A Python-based tool for crawling and processing TradingView's Pine Script V6 documentation, built using the Crawl4Ai framework. This tool extracts, cleans, and organizes the documentation, making it easier to reference and analyze. Crawl4Ai provides the core framework for web crawling, data extraction, and asynchronous processing, making it possible.

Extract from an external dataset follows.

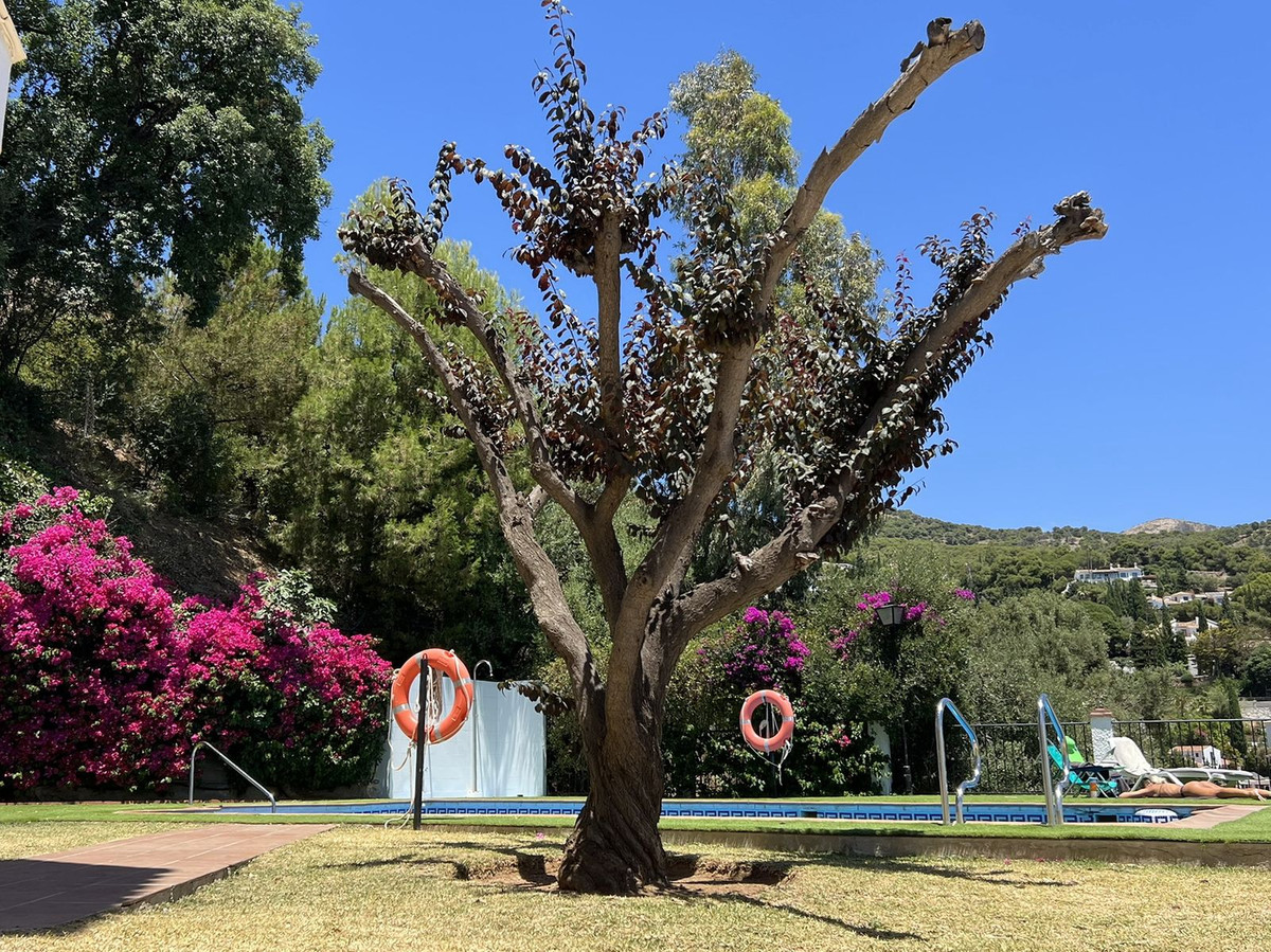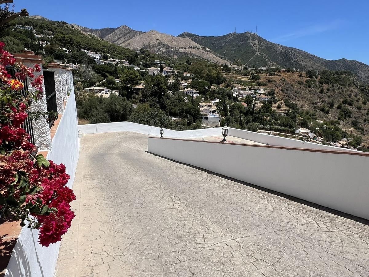 Entrance hall. Lounge-dining room with A/C h+c, ceiling fan and sliding doors to enclosed sunny terrace with folding glass curtains. Shower room. Master bedroom with wardrobes and sliding doors to the enclosed terrace. This sunny enclosed terrace could be a reading room or study if needed. Double glazing. Roller blinds. Marble floors. Ceiling fans. Guest bedroom also has fitted wardrobes. Full bathroom. Fully fitted kitchen with glass-ceramic hob, fridge-freezer, oven, extractor fan and granite counter-top. Small front patio has spiral stairs that lead up to spacious ROOF-TOP TERRACE with those outstanding PANORAMIC views to the whole coast. There are new storage units, an outdoor shower, and plenty of space for BBQ and dining “al fresco”– a great place to chill out. Communal swimming pool, well-maintained gardens and a designated parking space. All within a peaceful gated complex only a short walk from Mijas center. Walking distance to all amenities. Near bus stop. VIEWINGS RECOMMENED!

- Automatically extracts documentation from TradingView's Pine Script V6 website using Crawl4Ai
- Efficiently handles navigation through documentation pages
- Supports batch processing with rate limiting
- Maintains a structured extraction schema for consistent results
- Saves individual pages and a combined documentation file
- Cleans and formats documentation content
- Preserves PineScript code blocks with proper syntax highlighting
- Extracts and formats function documentation
- Removes unnecessary navigation elements and formatting
- Processes content into a clean, readable markdown format
- Creates individual markdown files for each documentation page
- Generates a combined documentation file for easy reference
- Maintains a processed/ directory with enhanced content
- Tracks failed URLs and crawling statistics
- Preserves original source URLs and timestamps
-
Clone the repository:
git clone https://github.com/FaustoS88/PinescriptV6-docs-crawler cd PinescriptV6-docs-crawler -
Install required dependencies:
pip install -r requirements.txt
-
Crawling Documentation:
Run the crawler:
python pinescriptV6docs.py
This script will collect documentation URLs, download content, and save it to the
pinescript_docsdirectory. -
Processing Documentation:
To clean and organize the crawled content, run:
python process_docs.py
This script extracts code examples and function documentation, generating processed versions in the
processed/subdirectory.
pinescript_docs/
├── all_docs_{timestamp}.md # Combined documentation
├── {page_name}_{timestamp}.md # Individual pages
├── failed_urls_{timestamp}.txt # Failed crawl attempts
└── processed/ # Enhanced content
└── processed_{page_name}_{timestamp}.md
The crawler and processor can be customized through their respective class initializations:
PineScriptDocsCrawler: Configures crawling behavior, batch size, and extraction schema.PineScriptDocsProcessor: Customizes content processing and output formatting.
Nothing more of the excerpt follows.